Texas tort reform is again in the news, thanks in part to the recent Ebola crisis.
Legal news analysts have been assessing the case of Thomas Eric Duncan, the deceased Dallas Ebola patient. Texas Presbyterian Hospital has admitted that Duncan should have been tested for Ebola upon his first visit to the emergency room, but ER staff mistakenly turned him away. However, most legal analysts agree that his family will not be able to sue the hospital for their mistake.
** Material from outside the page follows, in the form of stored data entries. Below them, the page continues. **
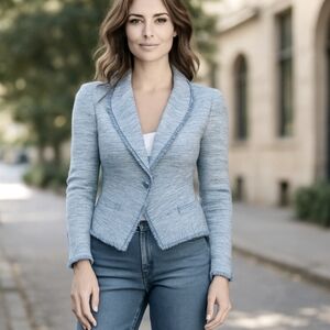 Elevate your style with this chic blue tweed jacket. Perfect for any occasion, it offers a sophisticated look with its elegant design.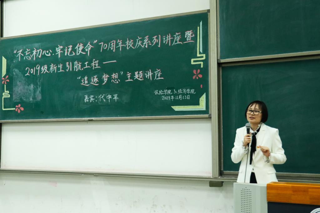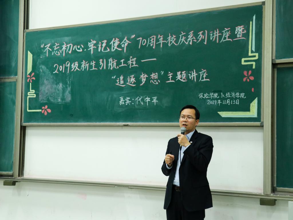 七十春秋写华章,龙马奋进起新航。为响应学校“不忘初心、牢记使命”主题教育的号召,保险学院与必赢766net手机版特别邀请到国投财务有限公司副总经理、国投保险经纪有限公司总经理、中央财经大学校外辅导员代中平为2019级新生开展“追逐梦想”主题讲座,旨在用梦想的力量指引同学们明晰目标、不忘初心,同时积极探索未来道路,不枉四年学习时光。本次讲座同时也是必赢766net手机版润园对话系列活动第二十二讲。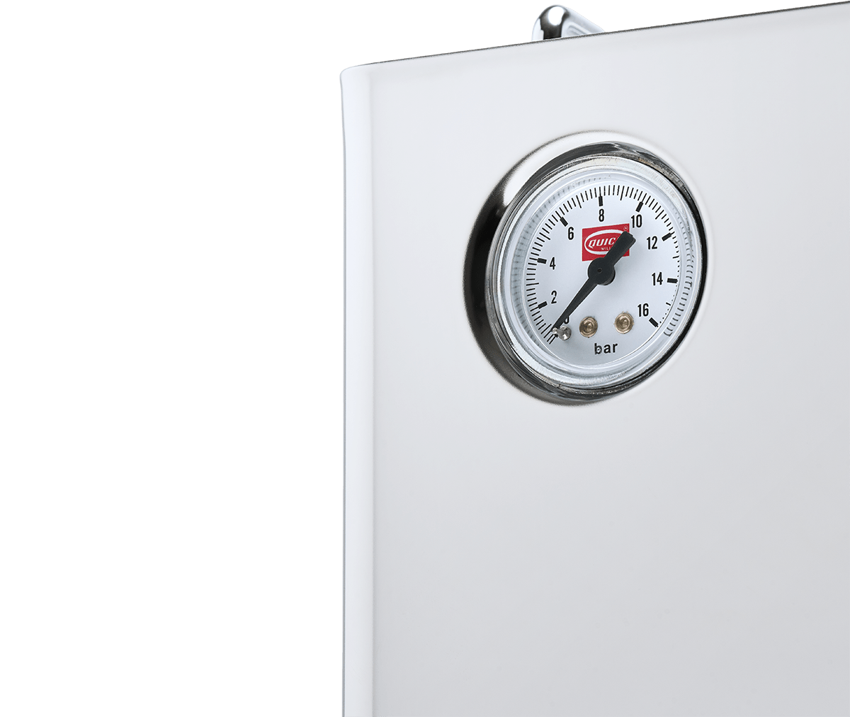 Den Drockmesser (0–16 bar) weist den Braudrock un, sou datt Dir d'Mahlen an d'Doséierung fir eng präzis an ausgeglach Extraktioun upasse kënnt.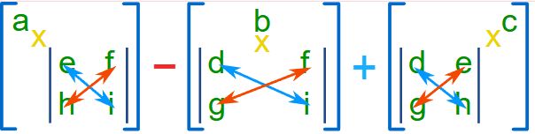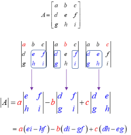 \( |A| = a(ei – fh) – b(di – fg) + c(dh – eg) \)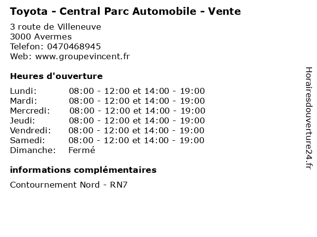 | Lundi | 08:00-12:00 et 14:00-19:00 |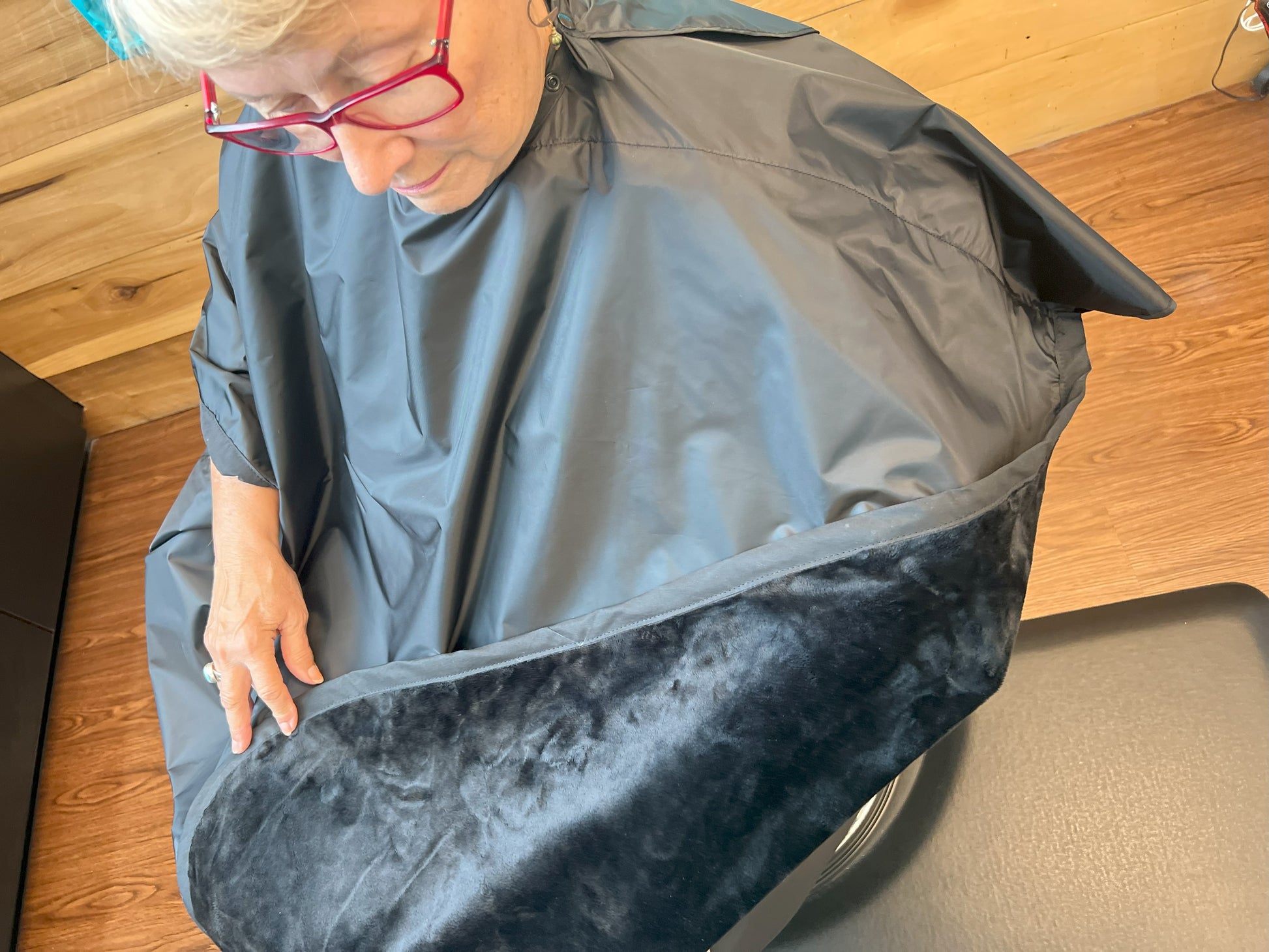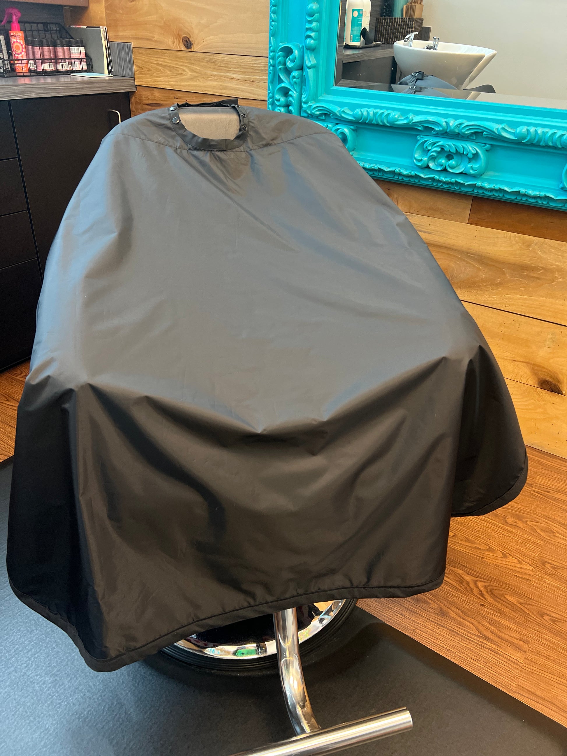 This new luxury salon cape features an ultra-soft, weighted black minky blanket lining delivers a cozy, soothing feel beneath a standard chemical cape. The snap closure with 6 snaps ensures a secure fit, while its handmade, double-sewn construction guarantees lasting quality. The chemical cape protects against stains, bleach, dyes, and is water resistant and is washable, dryable, and proudly handmade in the USA. Materials won't trap hair or bleach out. Cape measurements are 47" x 60"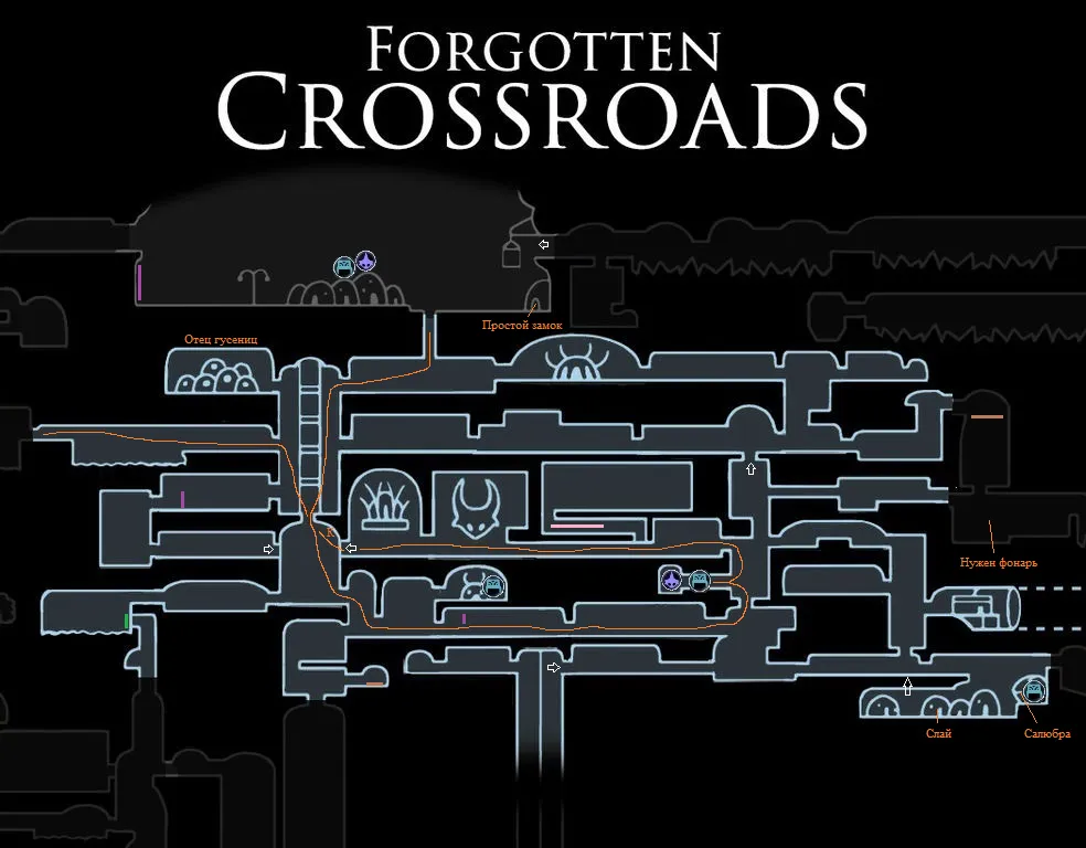 Максимально детальные карты можно посмотреть здесь. Мои версии сильно упрощены, но зато обозначены срезы (белые стрелки) и места, где нужны способности.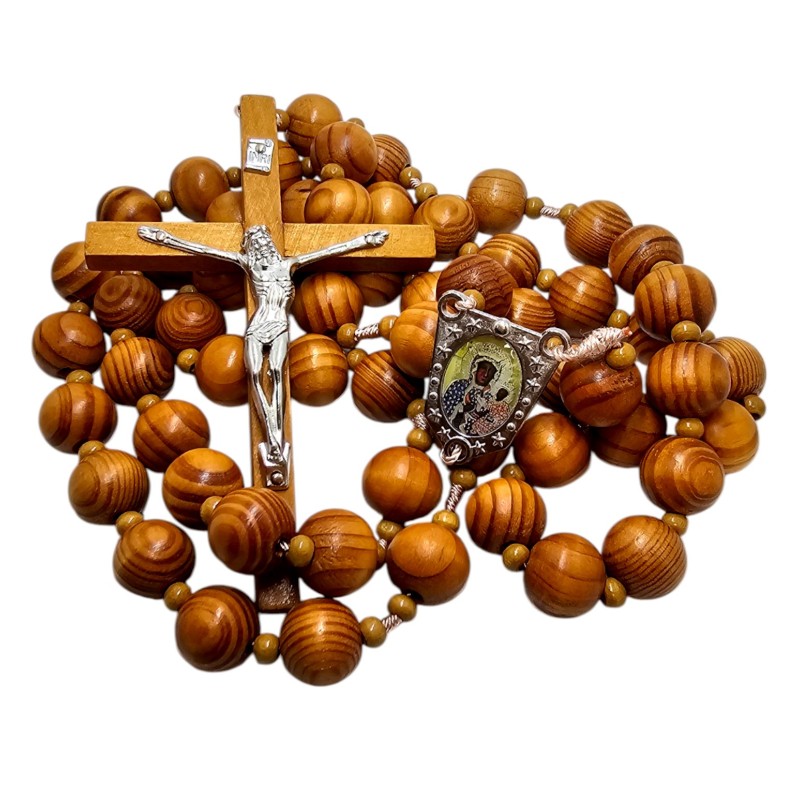 Centralnym elementem tego różańca jest pięknie wykonany łącznik z wizerunkiem Matki Boskiej Częstochowskiej. Ten mocny symbol wiary, Królowej Polski, będzie nieustannym przypomnieniem o Jej opiece i wstawiennictwie w trudnych chwilach. Całość wieńczy solidny, drewniany krzyż o imponujących wymiarach 14x9 cm, stanowiący mocny akcent i symbol odkupienia.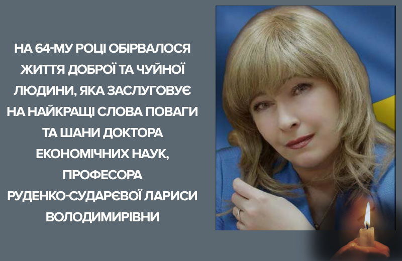 На 64-му році обірвалося життя доброї та чуйної людини, яка заслуговує на найкращі слова поваги та шани доктора економічних наук, професора Руденко-Сударєвої Лариси Володимирівни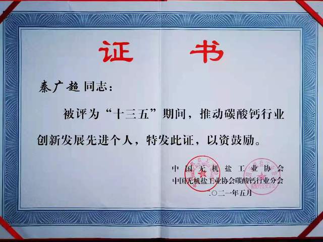 2021年5月,秦教授還在全國碳酸鈣行業年會上獲得“十三五”期間碳酸鈣行業創新發展先進個人稱號。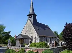 Die Kirche Saint-Pierre wurde im 12. Jahrhundert erbaut. Ihr Schutzpatron ist Simon Petrus. Sie unterstand im Mittelalter und Ancien Régime (Ende des 16. Jahrhunderts bis 1789) dem Seigneur der Ortschaft. Im 16. Jahrhundert wurde die Kirche vergrößert, die Südmauer des Kirchenschiffs und der erste Abschnitt der Nordmauer wurden erneuert. Die neuen Mauerteile sind mit Mustern aus dunklem und hellem Feuerstein dekoriert. Die Wappen, die in der Nordmauer dargestellt sind, lassen sich allerdings nicht identifizieren. Außerdem wurden neue Fensterbögen in das Kirchenschiff eingebaut. Die Sakristei stammt aus dem 17. Jahrhundert, der Portalvorbau musste im 19. Jahrhundert erneuert werden. Eine Besonderheit dieser Kirche ist der zylindrische Glockenturm. Das Gebäude wurde 1954 in das Zusatzverzeichnis der Monuments historiques (‚historische Denkmale‘) eingetragen. Auf dem Friedhof der Kirche befindet sich ein ebenfalls denkmalgeschütztes Friedhofskreuz aus dem 16. Jahrhundert, es ist mit Reliefs verziert und zeigt unter anderem einen Pelikan. In der Kirche befinden sich zahlreiche Kunstgegenstände, von denen zwei denkmalgeschützt sind, eine Statue der Jungfrau mit dem Kinde aus dem 14. Jahrhundert und das Altarretabel des Hauptaltars aus dem 16. Jahrhundert.[14][15]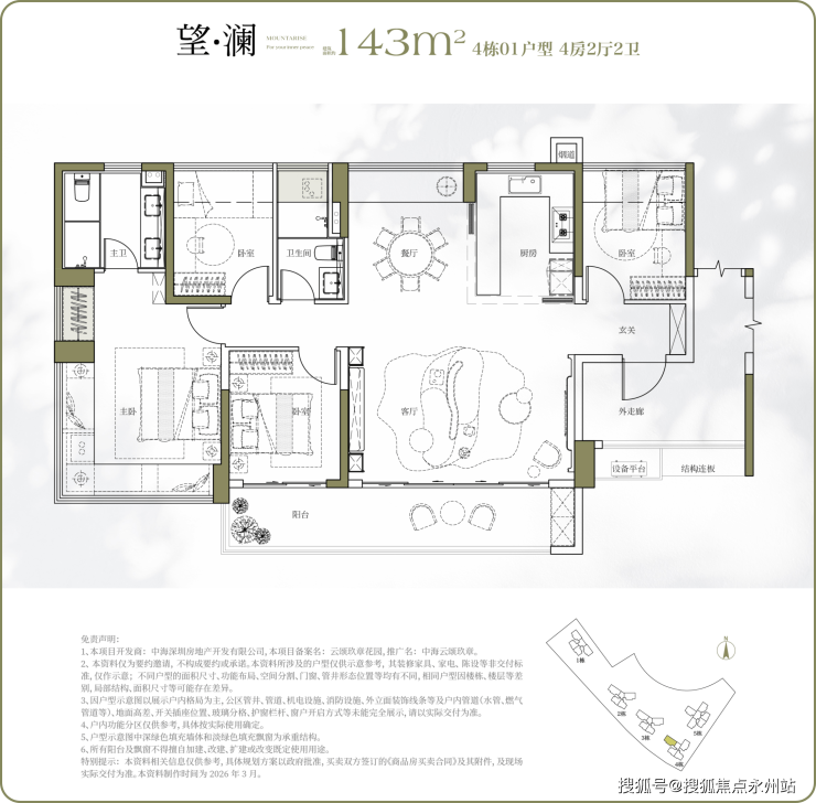 户型详情:项目规划5栋23-25层住宅,限高80米,其中1-4栋为25层,一层四户设计;5栋为23层,一层五户设计,梯户比为2梯4户(1-4栋)、2梯5户(5栋),户户朝南,带高品质精装交付,新规设计使得得房率近100%(含赠送),大部分户型可无遮挡观赏梅林山山景,主力户型为106-143㎡纯四房(部分户型可灵活改造),适配改善家庭需求。

In 2003, the state of Texas instituted medical malpractice reforms that included tougher standards for suing ER doctors. Those harmed by the actions of ER physicians in Texas have to prove that the doctors knowingly caused harm. It’s a high standard, and one unlike the standards for any other type of medical malpractice in Texas.
At the time, proponents of the reform touted lower healthcare costs for all as a principal benefit of reform. But a major study from the New England Journal of Medicine, which looked specifically at the effects of medical malpractice reform on emergency room care in Texas, Georgia and South Carolina, said that after 10 years, those cost benefits were not realized.
According to the study, medical malpractice reform has not reduced the cost of ER care, nor has it lessened the use of unnecessary tests. In trying to explain why medical malpractice reform has had little or no effect on medical care, the authors of the study suggest that ER physicians may not be as influenced in their actions by the fear of lawsuits as they claim to be.
The study did reveal that the most likely beneficiary of tort reform is insurance companies. While healthcare costs for patients have not dropped as promised, insurance companies are keeping more money in their pockets, with fewer legal medical malpractice actions and fewer payouts to injured and ill patients who have suffered harm in the ER.